Action item:
Please repeat the lines below exactly. Begin with the line containing "(hintere Reihe 3.v.r.)." and go on through the line containing "티나툴스는 쌍꺼풀 테이프와".

Source data:

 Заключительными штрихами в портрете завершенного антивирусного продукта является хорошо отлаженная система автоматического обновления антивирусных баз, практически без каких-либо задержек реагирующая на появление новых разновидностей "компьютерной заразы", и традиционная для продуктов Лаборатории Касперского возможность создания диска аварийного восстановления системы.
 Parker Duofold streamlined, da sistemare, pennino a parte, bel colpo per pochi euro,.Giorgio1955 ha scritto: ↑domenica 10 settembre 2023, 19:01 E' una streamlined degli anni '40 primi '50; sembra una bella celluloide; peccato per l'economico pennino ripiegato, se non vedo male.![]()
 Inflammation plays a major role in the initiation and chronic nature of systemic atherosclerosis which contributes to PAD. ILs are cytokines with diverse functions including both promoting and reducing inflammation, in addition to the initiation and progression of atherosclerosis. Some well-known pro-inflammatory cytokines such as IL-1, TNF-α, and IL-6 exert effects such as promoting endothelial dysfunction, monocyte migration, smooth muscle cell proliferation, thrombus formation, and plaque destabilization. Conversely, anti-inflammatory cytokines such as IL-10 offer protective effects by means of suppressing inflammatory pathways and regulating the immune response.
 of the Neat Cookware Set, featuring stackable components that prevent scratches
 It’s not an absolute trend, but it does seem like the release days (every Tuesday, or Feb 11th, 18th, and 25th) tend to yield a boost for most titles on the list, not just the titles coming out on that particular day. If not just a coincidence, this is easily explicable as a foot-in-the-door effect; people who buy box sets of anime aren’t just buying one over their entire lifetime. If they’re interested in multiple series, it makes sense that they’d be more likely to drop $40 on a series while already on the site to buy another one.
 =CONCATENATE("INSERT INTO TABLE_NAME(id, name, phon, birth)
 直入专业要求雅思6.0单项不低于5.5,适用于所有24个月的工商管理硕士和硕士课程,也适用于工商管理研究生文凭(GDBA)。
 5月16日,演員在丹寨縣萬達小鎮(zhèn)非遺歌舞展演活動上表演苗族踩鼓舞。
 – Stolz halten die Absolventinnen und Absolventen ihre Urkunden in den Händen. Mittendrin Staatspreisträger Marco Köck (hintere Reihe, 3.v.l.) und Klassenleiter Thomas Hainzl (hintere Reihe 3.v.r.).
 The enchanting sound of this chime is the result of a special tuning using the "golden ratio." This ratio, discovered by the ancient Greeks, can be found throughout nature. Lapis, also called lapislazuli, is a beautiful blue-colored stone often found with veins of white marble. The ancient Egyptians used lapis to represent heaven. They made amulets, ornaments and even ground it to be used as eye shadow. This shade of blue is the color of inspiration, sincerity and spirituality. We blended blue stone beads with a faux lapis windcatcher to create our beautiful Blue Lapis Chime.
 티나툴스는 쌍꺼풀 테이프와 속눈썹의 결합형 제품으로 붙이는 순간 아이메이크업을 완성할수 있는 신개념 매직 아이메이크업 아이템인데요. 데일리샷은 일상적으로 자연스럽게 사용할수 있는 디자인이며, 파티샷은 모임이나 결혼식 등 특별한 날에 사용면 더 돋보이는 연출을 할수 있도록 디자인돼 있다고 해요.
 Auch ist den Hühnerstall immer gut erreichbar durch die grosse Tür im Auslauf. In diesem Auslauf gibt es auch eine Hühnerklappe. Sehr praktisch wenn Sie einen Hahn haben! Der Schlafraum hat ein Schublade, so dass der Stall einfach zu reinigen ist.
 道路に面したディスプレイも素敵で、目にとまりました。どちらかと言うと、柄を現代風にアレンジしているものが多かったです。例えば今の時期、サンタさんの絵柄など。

Answer for this exercise:
 – Stolz halten die Absolventinnen und Absolventen ihre Urkunden in den Händen. Mittendrin Staatspreisträger Marco Köck (hintere Reihe, 3.v.l.) und Klassenleiter Thomas Hainzl (hintere Reihe 3.v.r.).
 The enchanting sound of this chime is the result of a special tuning using the "golden ratio." This ratio, discovered by the ancient Greeks, can be found throughout nature. Lapis, also called lapislazuli, is a beautiful blue-colored stone often found with veins of white marble. The ancient Egyptians used lapis to represent heaven. They made amulets, ornaments and even ground it to be used as eye shadow. This shade of blue is the color of inspiration, sincerity and spirituality. We blended blue stone beads with a faux lapis windcatcher to create our beautiful Blue Lapis Chime.
 티나툴스는 쌍꺼풀 테이프와 속눈썹의 결합형 제품으로 붙이는 순간 아이메이크업을 완성할수 있는 신개념 매직 아이메이크업 아이템인데요. 데일리샷은 일상적으로 자연스럽게 사용할수 있는 디자인이며, 파티샷은 모임이나 결혼식 등 특별한 날에 사용면 더 돋보이는 연출을 할수 있도록 디자인돼 있다고 해요.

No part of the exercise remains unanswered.